REQUIRED ACTION
Exclude the pictures, then restate exactly each line of the data below from the first through the line containing "Pois Chiches et Riz à la Sauce au Basilic".

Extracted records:
===============

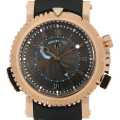 - フランス海軍のマリン・クロノメーター(航海用精密時計)の製造者としてアブラアン・ルイ・ブレゲが築きあげた偉大な遺産からヒントを得た"マリーン"ウォッチ。こちらのマリーンロイヤルはアラーム機能を搭載したダイバーズモデルです。10時位置にアラームチャイムのパワーリザーブがあるため、一目で残量が確認できます。また、8時位置のボタンでアラームのオン/オフの切り替えが可能で、12時位置の音符のマークで状態を表示します。このアラームは水中で操作することもでき、驚くべきことに地上より大きな音で時を知らせるそうです。300m防水。
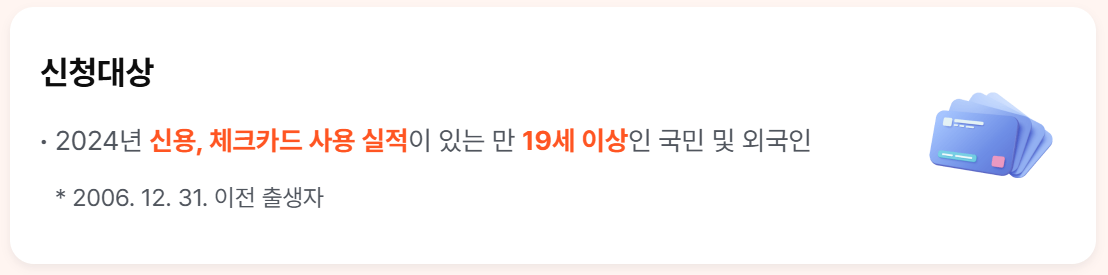 가장 먼저 확인해야 할 것은 대상과 인정 기간, 그리고 계산 방식이다. 상생페이백은 만 19세 이상(연말 기준 2006년 12월 31일 이전 출생)으로, 2024년에 신용·체크카드 사용 실적이 있는 대한민국 국민 및 외국인이 신청할 수 있다. 즉 작년 카드 사용 이력이 있어야 ‘올해 늘어난 소비’를 비교하여 산정할 수 있다.
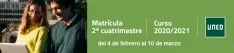 La Universidad Nacional de Educación a Distancia (UNED) ha abierto el plazo de matrícula del segundo cuatrimestre del presente curso académico 2020/2021, para todos aquellos que quieran matricularse de asignaturas del 2º cuatrimestre de los estudios de Grado, Microgrado y la mayoría de los Máster Oficiales. En concreto, está opción, abierta hasta el 10 de marzo, está pensada para estudiantes no matriculados anteriormente y para aquellos que quieran ampliar asignaturas (no están permitidas matrículas en asignaturas anuales ni para prácticas curriculares).
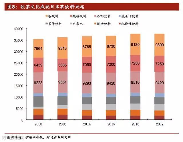 2017年日本茶饮料行业规模达到9,390亿日元(约合人民币600亿),销量高于咖啡饮料及碳酸饮料。
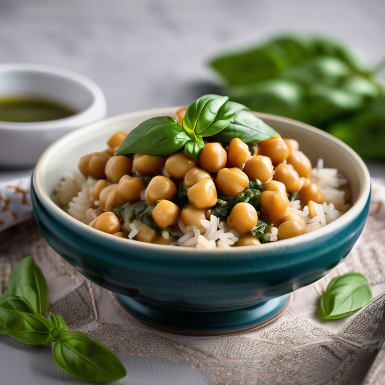 Pois Chiches et Riz à la Sauce au Basilic
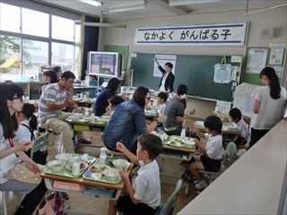 6月30日、1年生の親子給食、全校の授業参観、学級懇談、救急法講習会が行われました。家の方と給食を一緒に食べるとあって、1年生は準備前からそわそわうきうき、でした。家族の方が来られると「来たぁ。」と、満面の笑がほほえましかったです。家の方の「どんな様子で食べているんだろう」といった心配は無用のようでした。しっかりと食べることができました。橋の持ち方を栄養士から指導をうけたこともあり、今後の食事に生かしてほしいです。
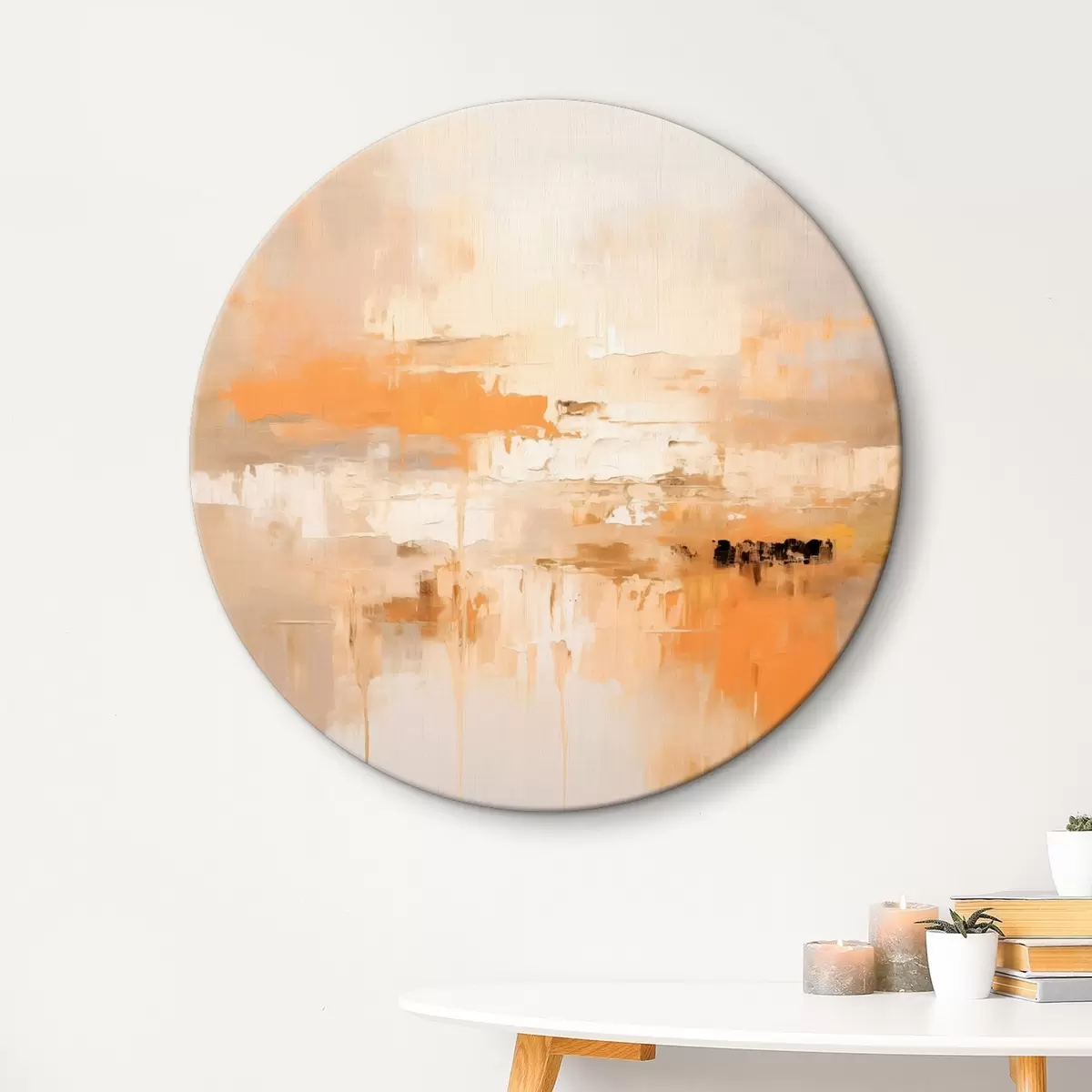 Tableaux ronds Abstraction paysagère dans un style huileux avec des tons orange et beige r46314
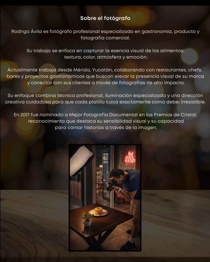 Nuestro servicio de Fotografía Gastronómica está diseñado para resaltar la esencia, calidad y detalle de cada platillo, creando imágenes que abren el apetito, venden y conectan con tus clientes
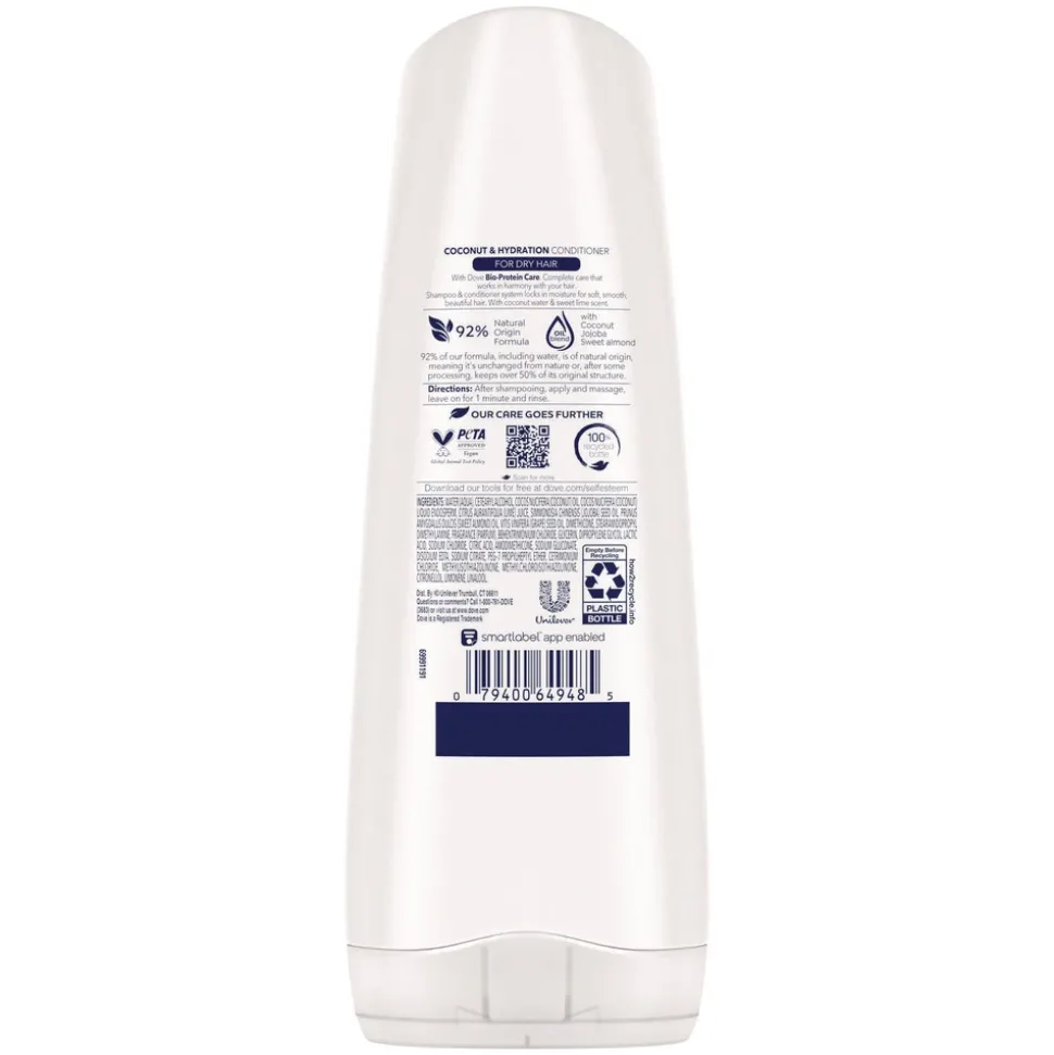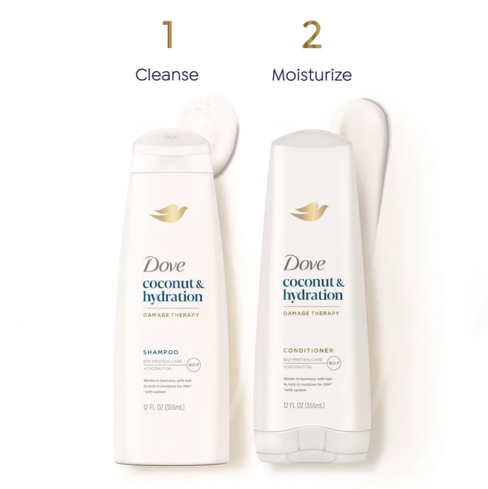 92% of our formula, including water, is of natural origin, meaning it’s unchanged from nature or, after some processing, keeps over 50% of its original structure. The formula won’t weigh your hair down, and because it’s progressively nourishing, your hair gets better and better, wash after wash. As well as caring for your hair, Dove Coconut and Hydration Damage Therapy Conditioner smells heavenly too. The refreshing scent of hydrating coconut water and sweet lime lifts your mood as well as leaves your hair refreshed with every wash. After shampooing, apply Dove Ultra Care Coconut and Hydration Conditioner and massage, leave on for one minute and rinse. For best results and constantly hydrated hair, use this conditioner daily after using the Dove Ultra Care Coconut and Hydration Shampoo. Dove Coconut and Hydration is a hydrating shampoo and conditioner system that locks in moisture and nourishes dry hair, leaving it soft, smooth, and beautiful. This hair care system is ideal for dry hair that needs an extra dose of hydration and moisture, as it nourishes hair from root to tip. At Dove, our vision is of a world where beauty is a source of confidence, and not anxiety. So, we are on a mission to help the next generation of women develop a positive relationship with the way they lookreaching over 1/4 of a billion young people with self-esteem education by 2030. We are also committed to a landmark new initiative as part of our 2025 commitment to reduce plastic waste; reducing over 20,500 metric tons of virgin plastic annually by making the iconic beauty bar packaging plastic-free globally; launching new 100% recycled plastic bottles; and trialing a new refillable deodorant format that radically reduces plastic use. As one of the largest beauty brands in the world, we are revealing an agenda-setting commitment to tackle the global beauty industry’s plastic waste issue.

===============

ANSWER SECTION
 - フランス海軍のマリン・クロノメーター(航海用精密時計)の製造者としてアブラアン・ルイ・ブレゲが築きあげた偉大な遺産からヒントを得た"マリーン"ウォッチ。こちらのマリーンロイヤルはアラーム機能を搭載したダイバーズモデルです。10時位置にアラームチャイムのパワーリザーブがあるため、一目で残量が確認できます。また、8時位置のボタンでアラームのオン/オフの切り替えが可能で、12時位置の音符のマークで状態を表示します。このアラームは水中で操作することもでき、驚くべきことに地上より大きな音で時を知らせるそうです。300m防水。
 가장 먼저 확인해야 할 것은 대상과 인정 기간, 그리고 계산 방식이다. 상생페이백은 만 19세 이상(연말 기준 2006년 12월 31일 이전 출생)으로, 2024년에 신용·체크카드 사용 실적이 있는 대한민국 국민 및 외국인이 신청할 수 있다. 즉 작년 카드 사용 이력이 있어야 ‘올해 늘어난 소비’를 비교하여 산정할 수 있다.
 La Universidad Nacional de Educación a Distancia (UNED) ha abierto el plazo de matrícula del segundo cuatrimestre del presente curso académico 2020/2021, para todos aquellos que quieran matricularse de asignaturas del 2º cuatrimestre de los estudios de Grado, Microgrado y la mayoría de los Máster Oficiales. En concreto, está opción, abierta hasta el 10 de marzo, está pensada para estudiantes no matriculados anteriormente y para aquellos que quieran ampliar asignaturas (no están permitidas matrículas en asignaturas anuales ni para prácticas curriculares).
 2017年日本茶饮料行业规模达到9,390亿日元(约合人民币600亿),销量高于咖啡饮料及碳酸饮料。
 Pois Chiches et Riz à la Sauce au Basilic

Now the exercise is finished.